§ Data:
= = = = = = =
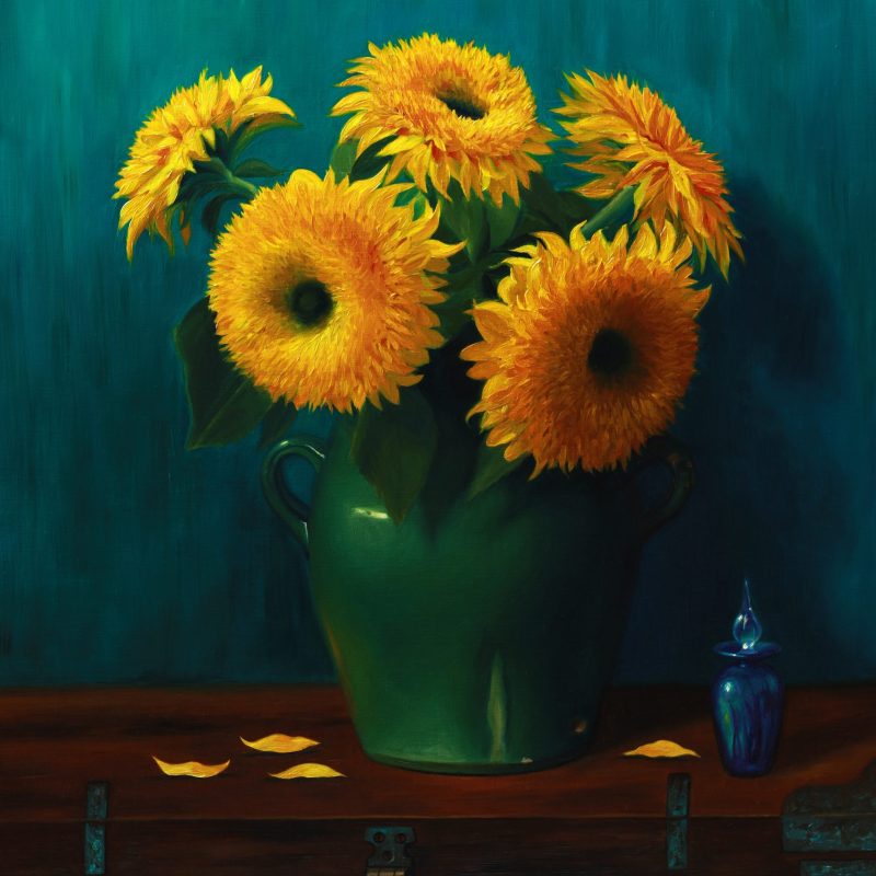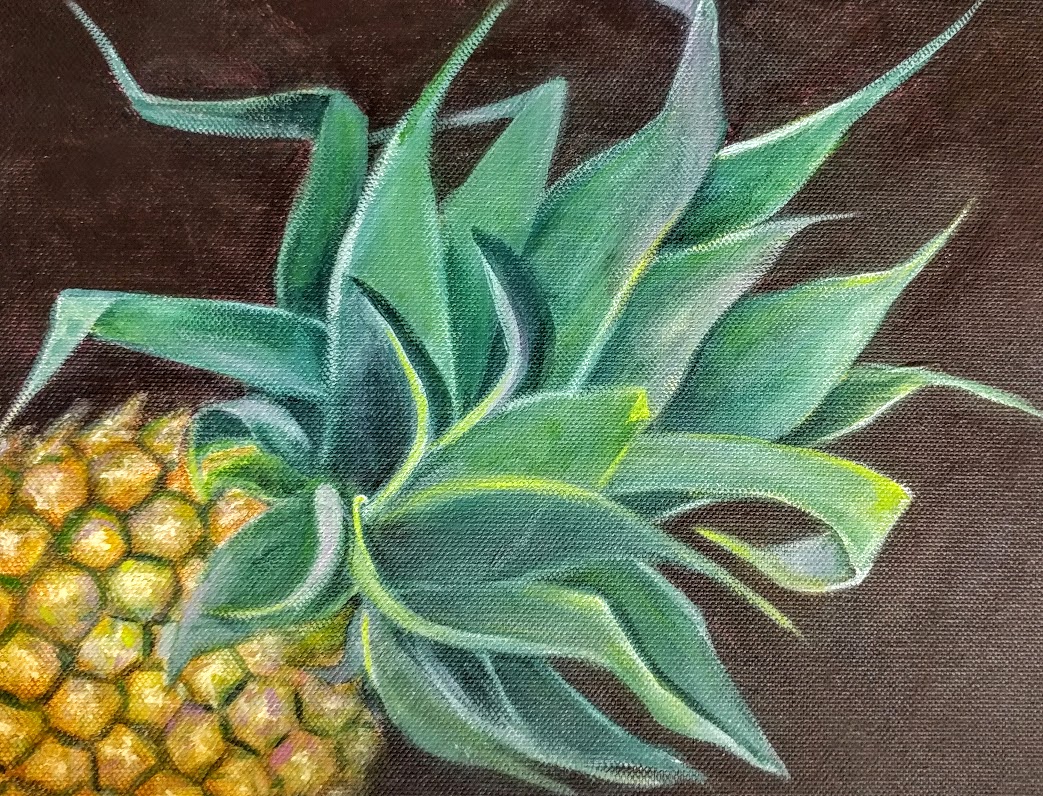 Pineapple Please by Cathy Gilday – This still life is the second of my new fruit series. I love the intestesting patterns of the skin and the fabulous spikey leaves that crown the fruit, not to mention it’s delicious flavour! I have laid the pineapple on it’s side to make an interesting composition and purposely set the pineapple on a stark red black background, making it stand out in a rather elegant way. So far, the others in this series are of pears and a rambutan. Artists quality paints, mediums and varnish used.
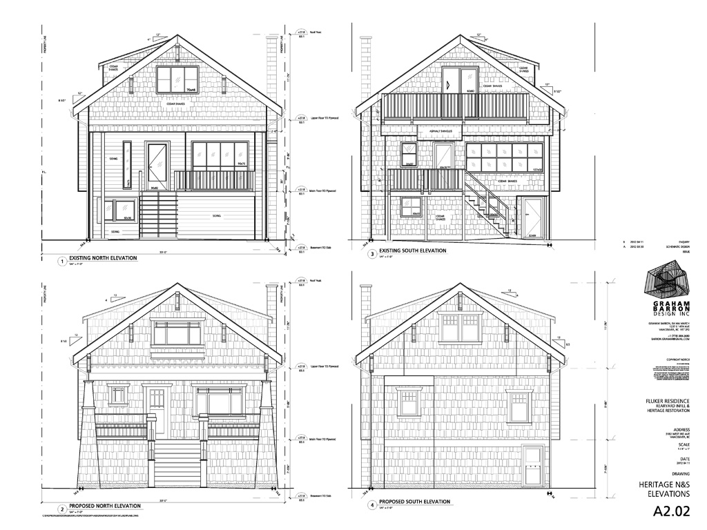 This project restores a Vancouver heritage house to its original street facade. The craftsman style house was one of many built by Cook & Hawkins in Kitsilano during the inter-war period. The restoration of this house is intended to make it possible to gain a relaxation that allows the construction of a new, stratifiable rear yard infill house.
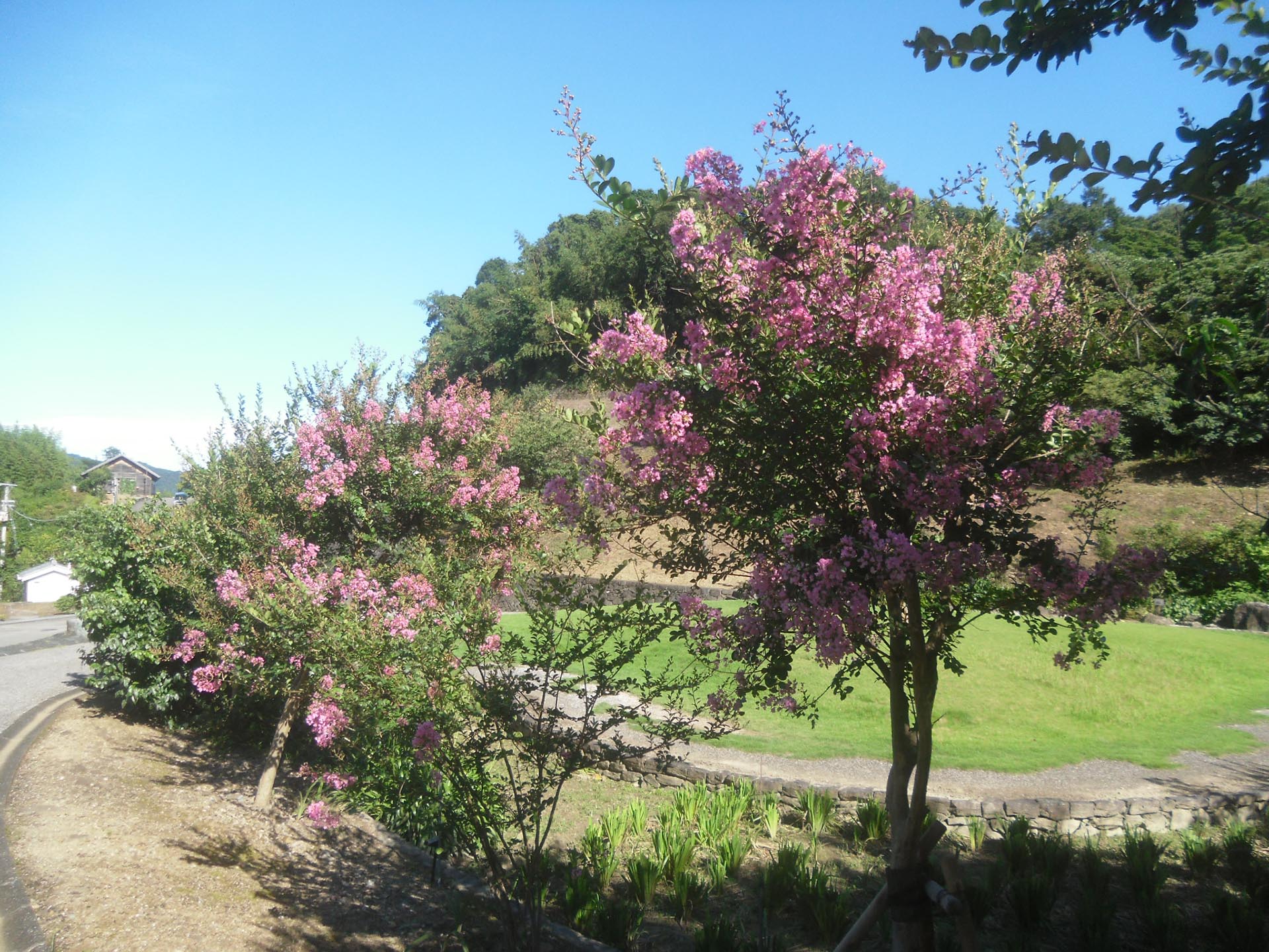本格的な夏が訪れましたが、阿波史跡公園、東富田公園、佐古駅東緑地、竜王中央公園等で、青空の下でサルスベリのピンク色の花が見頃を迎えています。
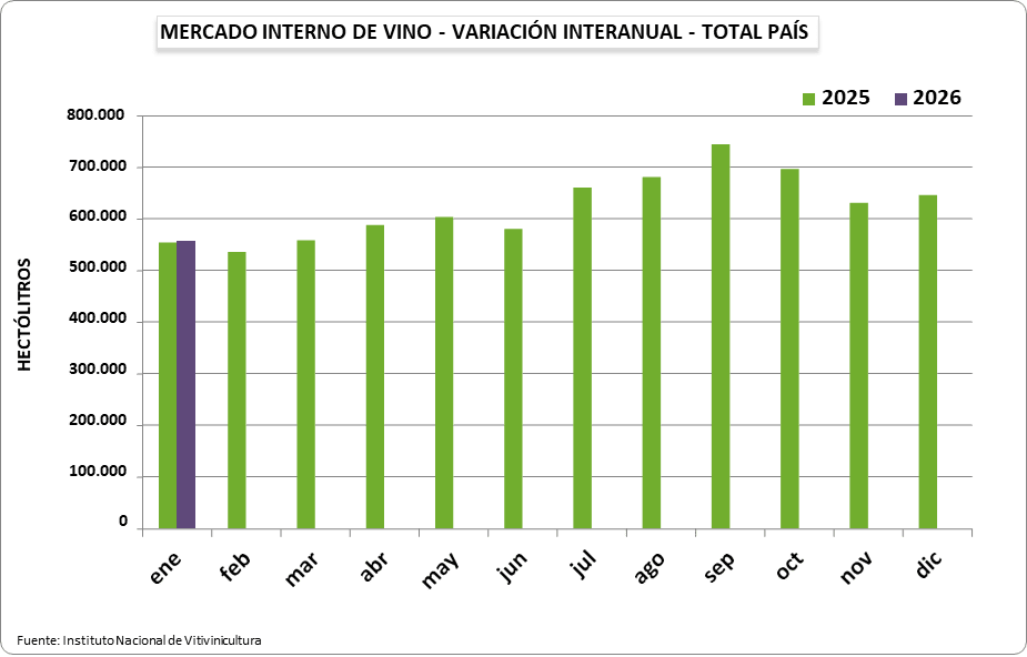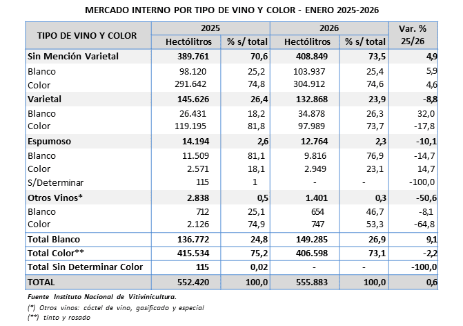 Las ventas de vino en el mercado interno durante el mes de enero 2026 alcanzaron un volumen de 555.883 hl, observándose un aumento de +0,6% respecto a igual mes del año anterior. Aumenta el volumen de vino sin mención varietal +4,9% respecto a enero 2025 alcanzando el 73,5% del volumen total de los despachos.
= = = = = = =
§ What you have to do: Omit the pictures and output all of the other material exactly.

§ Output for this exercise:
 Pineapple Please by Cathy Gilday – This still life is the second of my new fruit series. I love the intestesting patterns of the skin and the fabulous spikey leaves that crown the fruit, not to mention it’s delicious flavour! I have laid the pineapple on it’s side to make an interesting composition and purposely set the pineapple on a stark red black background, making it stand out in a rather elegant way. So far, the others in this series are of pears and a rambutan. Artists quality paints, mediums and varnish used.
 This project restores a Vancouver heritage house to its original street facade. The craftsman style house was one of many built by Cook & Hawkins in Kitsilano during the inter-war period. The restoration of this house is intended to make it possible to gain a relaxation that allows the construction of a new, stratifiable rear yard infill house.
本格的な夏が訪れましたが、阿波史跡公園、東富田公園、佐古駅東緑地、竜王中央公園等で、青空の下でサルスベリのピンク色の花が見頃を迎えています。
 Las ventas de vino en el mercado interno durante el mes de enero 2026 alcanzaron un volumen de 555.883 hl, observándose un aumento de +0,6% respecto a igual mes del año anterior. Aumenta el volumen de vino sin mención varietal +4,9% respecto a enero 2025 alcanzando el 73,5% del volumen total de los despachos.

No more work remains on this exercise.